When I run API1 from the reprex below, it takes 0.2s with a multisession plan and 3.1s with callr. In both cases, the time to compute the promise is very small (0.01s, as measured with Sys.time within the API). I thus conclude the delay comes from the promise preparation.

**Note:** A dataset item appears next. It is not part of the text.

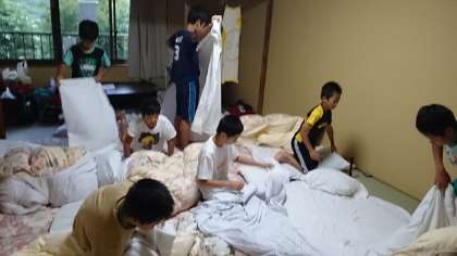 起きたら、体温を計り、寝具の片付け、身支度です。
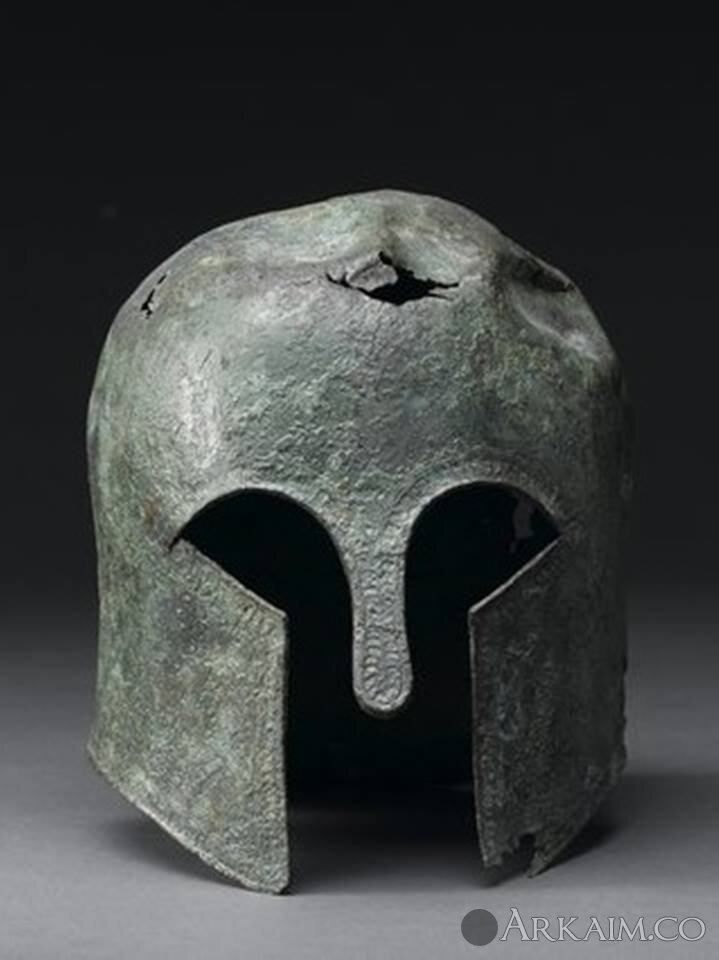 Коринфский шлем, около 650-550 гг. до н.э., найден в 1870 году на берегу Эврип в Греции. Коллекция Мемориального музея в Эксетере, графство Девон

The delay seems connected to the R packages used within the promise. I compared 3 APIs: API1 uses the terra package that was loaded previously. API2 uses the terra package with terra::rast. API3 does not use terra but has a Sys.sleep() corresponding to the computing time of the terra function I was using. API1 and API2 both take 3 seconds to compute but with a difference in the promise time (API1 computes the promise in 0.01s and API2 takes 2.4s). API3 is much quicker with 0.7s to compute (including 0.03s for the promise). It thus seems that the delay comes from dealing with packages (I had something similar with sf package) and that loading the package previously (library(terra)) or calling them for specific use (terra::rast()) does not make a difference. Is there a way to reduce this delay?
Here is the reprex:
Script to call the APIs (you can choose to comment L3 or L4 to test with multisession or callr):
### Set the asynchronous coding
library(promises) ; library(future) ; library(future.callr)

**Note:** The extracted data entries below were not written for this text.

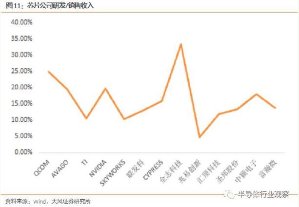 選取美股各個(gè)領(lǐng)域的龍頭公司和A股設(shè)計(jì)公司的研發(fā)占比情況,發(fā)現(xiàn)中國(guó)公司的研發(fā)占銷售占比和美國(guó)公司相差不大,甚至像全志科技還遙遙領(lǐng)先。
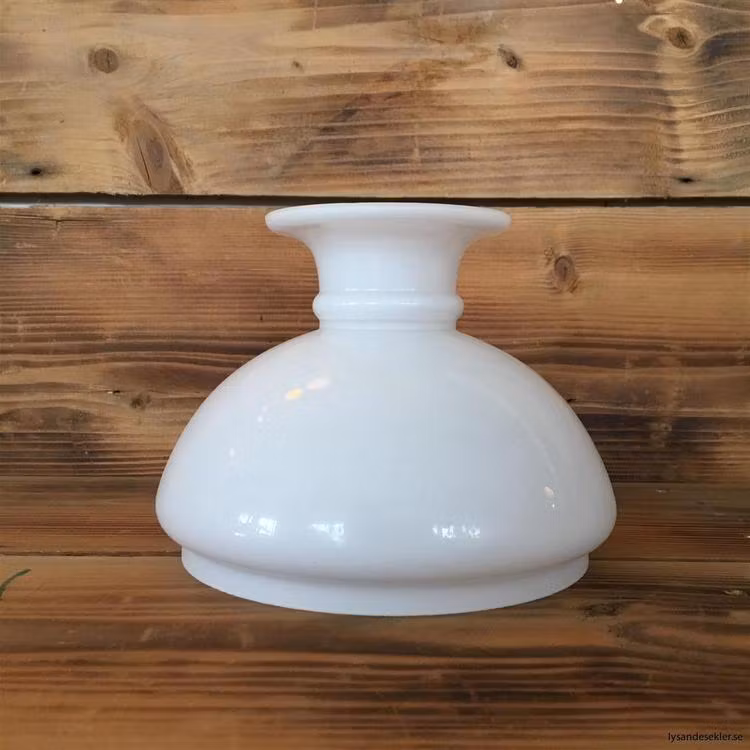 Denna opalvita släta vestaskärm har en nedre fattning på cirka 124 mm i diameter och är således anpassad för skärmringar på minst 125 mm i diameter.
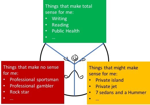 I believe there's a sphere of possibilities for everyone as to where they might end up in five (or ten) years. All that is needed is to start narrowing that down. Start with an elimination oriented approach to arrive at an increasingly smaller sliver of a life that you'd want for an older you.
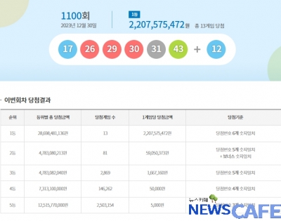 [뉴스카페]30일 추첨한 동행복권 1100회 로또6/45 1등 당첨자는 13명으로 1인당 22억 757만원씩의 당첨금을 받는다.

#future::plan("multisession")
future::plan(future.callr::callr)
### Plumber app
library(plumber)
### Other libraries
library(terra)
### Measure time to compute the terra function
T1_delay=Sys.time() ; terra_delay=terra::rast(xmin=-10, xmax=10, ymin=-10, ymax=10, resolution=10, crs="+init=epsg:4326") ; Delay=Sys.time()-T1_delay
### Start app
pr <- pr("Test_callr_APIs.R")
pr %>% pr_run()
Code to save in "Test_callr_APIs.R":
#* API1
#* @get species/<scientific_name>/API1
#* @param scientific_name:string Scientific Name
#* @serializer unboxedJSON
#* @tag test
function(scientific_name) {
Prom<-future({
T1<-Sys.time()
raster_test<-rast(xmin=-10, xmax=10, ymin=-10, ymax=10, resolution=10, crs="+init=epsg:4326")
cat(Sys.time()-T1, "\n")
return(list(object_to_return=2))
}, gc=T, seed=T)
return(Prom)
}
#* API2
#* @get species/<scientific_name>/API2
#* @param scientific_name:string Scientific Name
#* @serializer unboxedJSON
#* @tag test
function(scientific_name) {
Prom<-future({
T1<-Sys.time()
raster_test<-terra::rast(xmin=-10, xmax=10, ymin=-10, ymax=10, resolution=10, crs="+init=epsg:4326")
cat(Sys.time()-T1, "\n")
return(list(object_to_return=2))
}, gc=T, seed=T)
return(Prom)
}
#* API3
#* @get species/<scientific_name>/API3
#* @param scientific_name:string Scientific Name
#* @serializer unboxedJSON
#* @tag test
function(scientific_name) {
Prom<-future({
T1<-Sys.time()
Sys.sleep(Delay)
cat(Sys.time()-T1, "\n")
return(list(object_to_return=2))
}, gc=T, seed=T)
return(Prom)
}
The added latency you observe comes from future.callr::callr launching a fresh R process each time (using callr::r_bg()) plus loading all required packages in that new process. That takes time, and there's not much to do about it. The only thing I can imagine is to see if callr::r_bg() can be made faster (I doubt it) and the startup process of R and Rscript itself (something for the R-devel mailing list).